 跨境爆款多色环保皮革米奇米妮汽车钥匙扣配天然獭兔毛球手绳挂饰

--

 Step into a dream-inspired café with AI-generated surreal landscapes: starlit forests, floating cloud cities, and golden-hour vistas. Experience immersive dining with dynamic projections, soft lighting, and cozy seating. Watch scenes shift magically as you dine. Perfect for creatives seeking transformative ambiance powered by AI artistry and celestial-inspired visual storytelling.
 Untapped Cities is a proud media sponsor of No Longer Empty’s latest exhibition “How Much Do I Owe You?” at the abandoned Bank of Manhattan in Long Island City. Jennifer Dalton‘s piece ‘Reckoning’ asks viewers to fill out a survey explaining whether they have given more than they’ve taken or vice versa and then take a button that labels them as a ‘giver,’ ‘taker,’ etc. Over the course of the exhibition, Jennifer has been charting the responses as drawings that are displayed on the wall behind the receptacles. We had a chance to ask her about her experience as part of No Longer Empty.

==

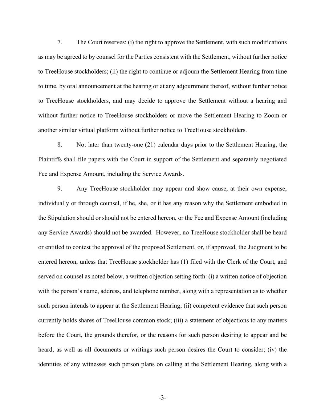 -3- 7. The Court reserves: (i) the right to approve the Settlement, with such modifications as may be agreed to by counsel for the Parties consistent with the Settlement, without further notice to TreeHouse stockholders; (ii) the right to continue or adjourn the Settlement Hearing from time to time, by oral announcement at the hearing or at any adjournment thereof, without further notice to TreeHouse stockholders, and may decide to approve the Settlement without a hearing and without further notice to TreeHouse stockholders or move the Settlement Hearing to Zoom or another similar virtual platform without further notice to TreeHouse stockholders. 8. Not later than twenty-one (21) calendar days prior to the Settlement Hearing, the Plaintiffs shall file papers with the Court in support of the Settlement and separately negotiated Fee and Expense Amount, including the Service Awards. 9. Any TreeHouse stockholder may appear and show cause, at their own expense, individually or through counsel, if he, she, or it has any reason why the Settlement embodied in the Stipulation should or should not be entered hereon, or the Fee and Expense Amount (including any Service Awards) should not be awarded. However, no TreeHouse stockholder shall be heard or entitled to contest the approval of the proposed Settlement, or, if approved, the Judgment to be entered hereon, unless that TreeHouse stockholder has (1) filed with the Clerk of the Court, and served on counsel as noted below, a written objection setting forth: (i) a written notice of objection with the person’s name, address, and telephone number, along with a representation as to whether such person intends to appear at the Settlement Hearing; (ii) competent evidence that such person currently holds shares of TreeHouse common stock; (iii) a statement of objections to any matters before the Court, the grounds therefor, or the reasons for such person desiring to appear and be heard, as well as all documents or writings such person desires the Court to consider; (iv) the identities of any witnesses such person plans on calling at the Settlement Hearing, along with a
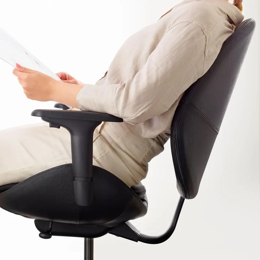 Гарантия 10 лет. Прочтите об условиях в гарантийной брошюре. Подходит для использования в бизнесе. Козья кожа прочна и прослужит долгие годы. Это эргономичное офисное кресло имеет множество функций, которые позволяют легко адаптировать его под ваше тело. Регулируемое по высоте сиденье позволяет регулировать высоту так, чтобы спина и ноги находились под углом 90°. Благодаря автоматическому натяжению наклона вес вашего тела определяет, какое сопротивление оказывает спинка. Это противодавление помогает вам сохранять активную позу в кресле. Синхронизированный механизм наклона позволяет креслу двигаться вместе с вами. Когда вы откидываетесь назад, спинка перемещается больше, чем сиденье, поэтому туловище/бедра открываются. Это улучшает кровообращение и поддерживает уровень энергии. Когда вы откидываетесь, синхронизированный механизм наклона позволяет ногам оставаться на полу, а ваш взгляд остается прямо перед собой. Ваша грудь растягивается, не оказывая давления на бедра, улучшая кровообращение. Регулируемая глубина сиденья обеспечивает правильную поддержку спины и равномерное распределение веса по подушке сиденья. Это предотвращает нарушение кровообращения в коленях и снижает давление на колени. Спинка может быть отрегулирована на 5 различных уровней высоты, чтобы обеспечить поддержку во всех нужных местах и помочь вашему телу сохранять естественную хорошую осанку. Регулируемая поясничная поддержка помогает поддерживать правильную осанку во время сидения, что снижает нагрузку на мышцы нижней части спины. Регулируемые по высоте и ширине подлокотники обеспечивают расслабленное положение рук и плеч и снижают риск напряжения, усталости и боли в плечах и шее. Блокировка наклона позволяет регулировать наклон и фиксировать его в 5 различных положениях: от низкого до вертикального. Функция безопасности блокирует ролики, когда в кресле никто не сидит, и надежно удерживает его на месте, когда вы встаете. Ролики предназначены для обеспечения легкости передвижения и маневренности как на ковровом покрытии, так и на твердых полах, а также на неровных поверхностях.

| Description of the task |
Print only what lies in the material above starting at the line with "Step into a" and ending at the line with "Untapped Cities is", every line exactly as given.

| The answer |
 Step into a dream-inspired café with AI-generated surreal landscapes: starlit forests, floating cloud cities, and golden-hour vistas. Experience immersive dining with dynamic projections, soft lighting, and cozy seating. Watch scenes shift magically as you dine. Perfect for creatives seeking transformative ambiance powered by AI artistry and celestial-inspired visual storytelling.
 Untapped Cities is a proud media sponsor of No Longer Empty’s latest exhibition “How Much Do I Owe You?” at the abandoned Bank of Manhattan in Long Island City. Jennifer Dalton‘s piece ‘Reckoning’ asks viewers to fill out a survey explaining whether they have given more than they’ve taken or vice versa and then take a button that labels them as a ‘giver,’ ‘taker,’ etc. Over the course of the exhibition, Jennifer has been charting the responses as drawings that are displayed on the wall behind the receptacles. We had a chance to ask her about her experience as part of No Longer Empty.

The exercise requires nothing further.